WHAT YOU WILL DO:
Skip the pictures and retype exactly the lines from the one holding "泮托拉唑钠肠溶片 | 40mg | 20210102 | 查看详情 |" through the end of the entries.

───── DATA SUPPLIED ─────

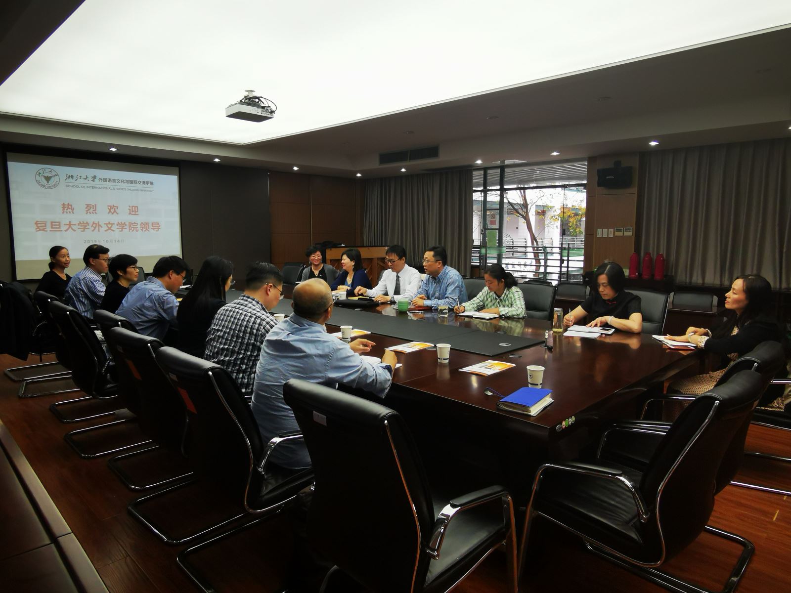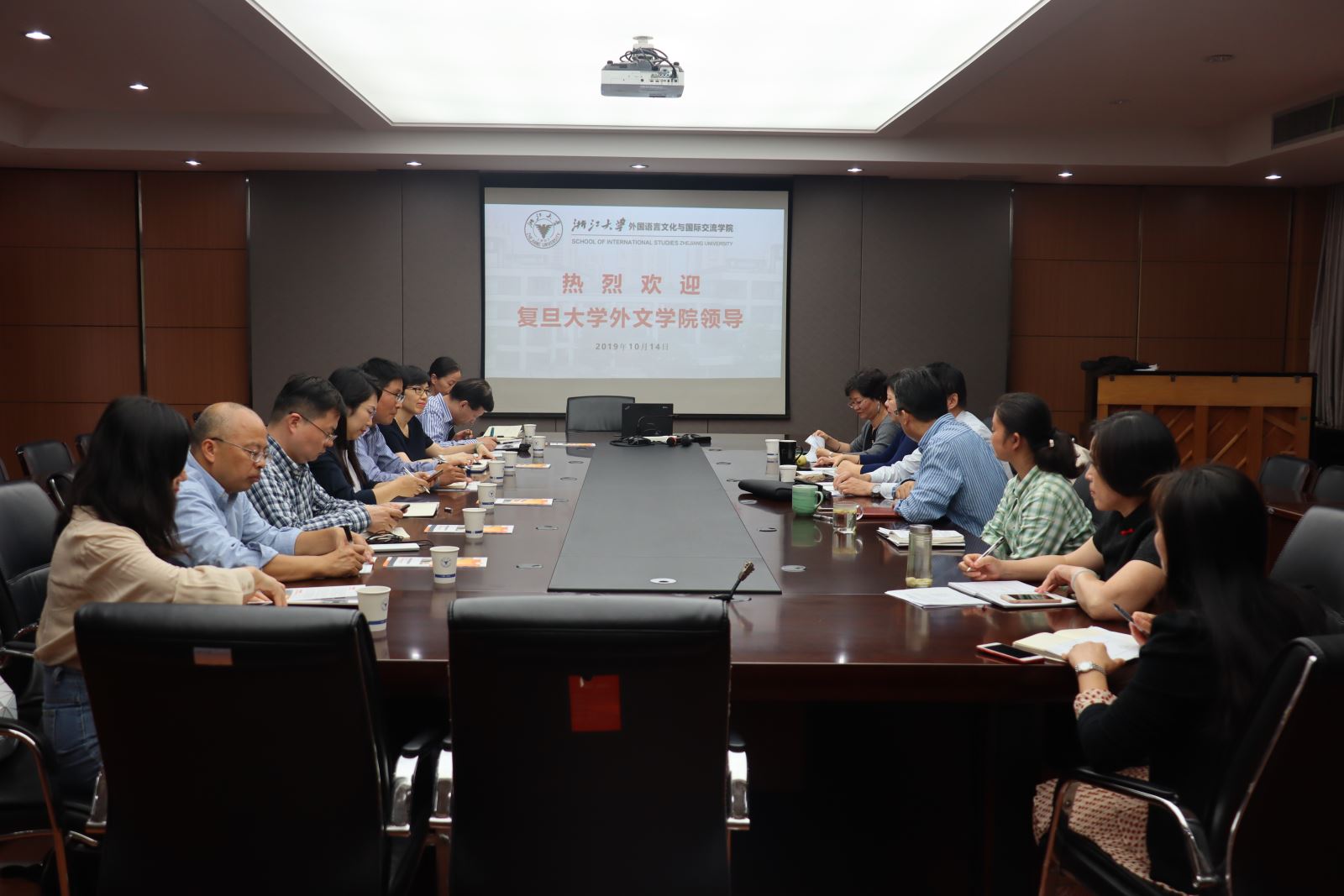 2019年10月15日,外文学院院长高永伟、党委书记罗英华带领党政班子赴浙江大学外国语言文化与国际交流学院调研学习。浙大外院院长程工、党委书记姚信等党政领导参加座谈。
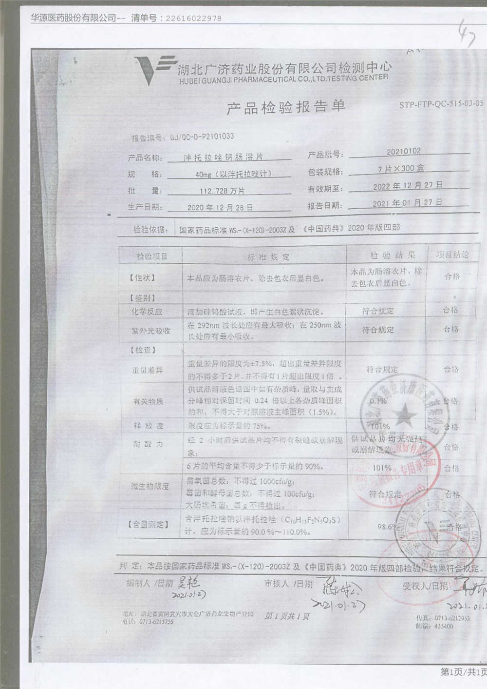 泮托拉唑钠肠溶片 | 40mg | 20210102 | 查看详情 |
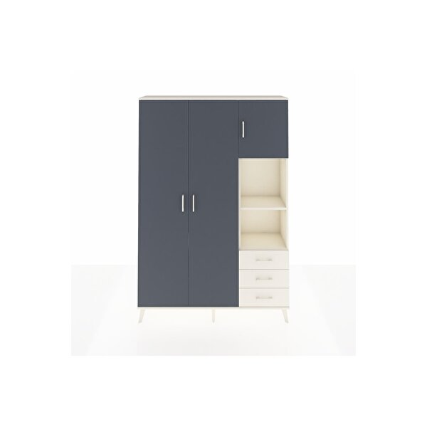 Dienni Mobilya Arges Dolap 5 Raflı 3 Çekmeceli Tek Askılı 132x30x195 Aytaşı-antrasit/aytaşı
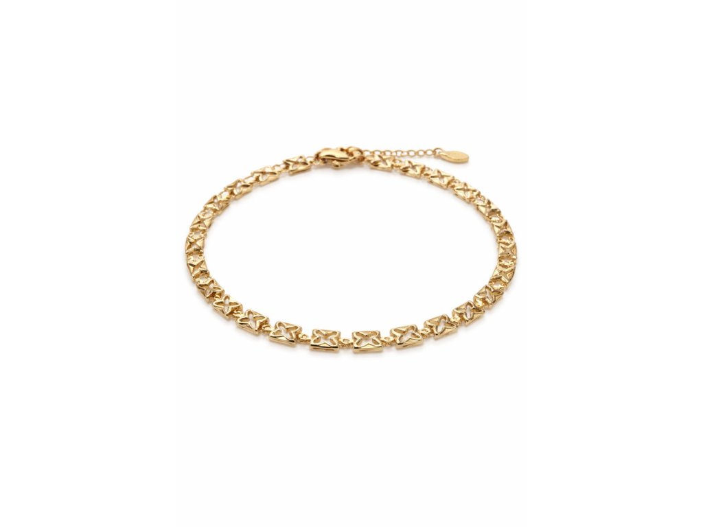 Tento zlatý náramek zaujme přehledným článkovým provedením, kde se jednotlivé prvky plynule propojují do pravidelného rytmu. Květinový motiv dodává šperku osobitý vzhled, aniž by působil výrazně nebo rušivě.
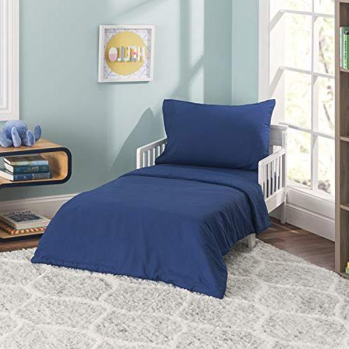Everyday Kids 4 Piece Toddler Bedding Set - Includes Comforter, Flat Sheet, Fitted Sheet and Reversible Pillowcase - Solid Navy

─────

WRITTEN SOLUTION:
 泮托拉唑钠肠溶片 | 40mg | 20210102 | 查看详情 |
 Dienni Mobilya Arges Dolap 5 Raflı 3 Çekmeceli Tek Askılı 132x30x195 Aytaşı-antrasit/aytaşı
 Tento zlatý náramek zaujme přehledným článkovým provedením, kde se jednotlivé prvky plynule propojují do pravidelného rytmu. Květinový motiv dodává šperku osobitý vzhled, aniž by působil výrazně nebo rušivě.
Everyday Kids 4 Piece Toddler Bedding Set - Includes Comforter, Flat Sheet, Fitted Sheet and Reversible Pillowcase - Solid Navy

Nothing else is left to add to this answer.